▸ **Problem to solve**: Starting at the line that contains "Цена эфира продолжает", please transcribe every line through the end of the entries, exactly and with no pictures.

::: Data for this exercise :::

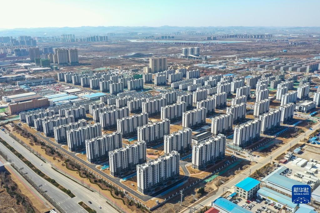 2月21日拍攝的首批交付的安置房新居(無(wú)人機照片)。
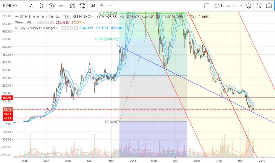 Цена эфира продолжает падение, но, на Bitfinex мы видим самые высокие объемы покупки за весь текущий год – более 1,2 млн эфира в дневной свече 7 Декабря. Это говорит нам о том, что монета стала очень привлекательной по цене ниже 100 баксов.
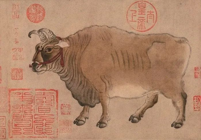 四是藏家牛。珍宝必遇识宝人。喜爱并收藏《五牛图》的也都是赫赫有名的人物:北宋徽宗将此宝收藏内府,视若珍宝;靖康之变珍宝劫后余生,南渡为宋高宗所得,高宗在画上钤其“睿思东阁”“绍兴”印章,以显珍视;此后,元代知名书画家赵孟頫、元太子、明代大收藏家项元汴等著名文化大师都收藏过此画;到了清朝,乾隆帝更是将其收藏在紫禁城和中南海春耦斋,不时观赏、爱不释手。
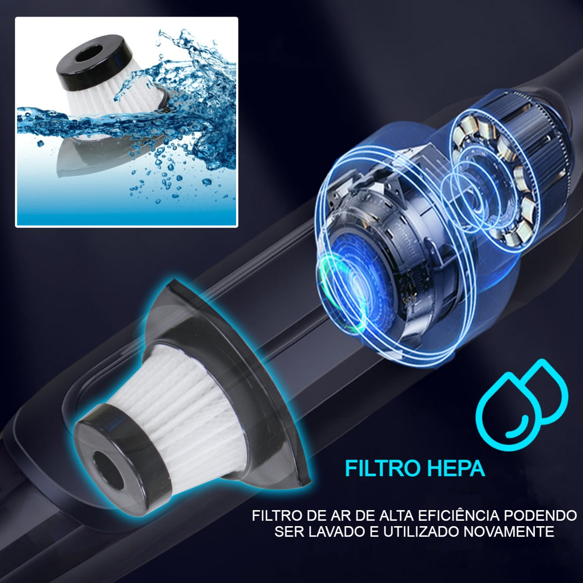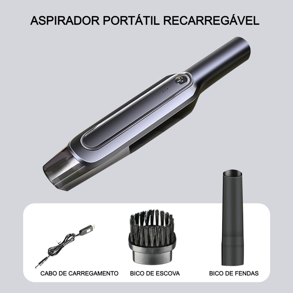 Com a ajuda deste Aspirador Portátil Recarregável vai conseguir manter a sua habitação e carro sempre limpos. É um equipamento versátil com um elevado poder de sucção.
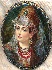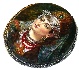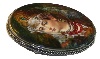 Description: Valentinf Maslova from the village of Fedoskino is the creator of this splendid brooch. On the oval piece of mother-of-pearl the artist has painted her interpretation of the oil on canvas painting originally painted in the 1900s by Konstantin Makovsky. Named “Boyaryshnya”, this masterpiece is kept in the private collection.
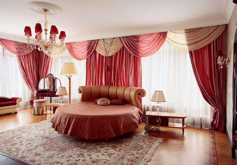 Под шторы красных оттенков для спальни, лучше выбирать светлые и однотонные обои. Роскошно будут смотреться обои светлые обои с золотым или красным орнаментом, фантазийным узором. Для особо смелых личностей не составит особого труда скомпоновать черно-красные шторы с голубыми или зелеными стенами, и смотреться это будет очень даже не плохо.

:::

▸ **Output for this task**:
 Цена эфира продолжает падение, но, на Bitfinex мы видим самые высокие объемы покупки за весь текущий год – более 1,2 млн эфира в дневной свече 7 Декабря. Это говорит нам о том, что монета стала очень привлекательной по цене ниже 100 баксов.
 四是藏家牛。珍宝必遇识宝人。喜爱并收藏《五牛图》的也都是赫赫有名的人物:北宋徽宗将此宝收藏内府,视若珍宝;靖康之变珍宝劫后余生,南渡为宋高宗所得,高宗在画上钤其“睿思东阁”“绍兴”印章,以显珍视;此后,元代知名书画家赵孟頫、元太子、明代大收藏家项元汴等著名文化大师都收藏过此画;到了清朝,乾隆帝更是将其收藏在紫禁城和中南海春耦斋,不时观赏、爱不释手。
 Com a ajuda deste Aspirador Portátil Recarregável vai conseguir manter a sua habitação e carro sempre limpos. É um equipamento versátil com um elevado poder de sucção.
 Description: Valentinf Maslova from the village of Fedoskino is the creator of this splendid brooch. On the oval piece of mother-of-pearl the artist has painted her interpretation of the oil on canvas painting originally painted in the 1900s by Konstantin Makovsky. Named “Boyaryshnya”, this masterpiece is kept in the private collection.
 Под шторы красных оттенков для спальни, лучше выбирать светлые и однотонные обои. Роскошно будут смотреться обои светлые обои с золотым или красным орнаментом, фантазийным узором. Для особо смелых личностей не составит особого труда скомпоновать черно-красные шторы с голубыми или зелеными стенами, и смотреться это будет очень даже не плохо.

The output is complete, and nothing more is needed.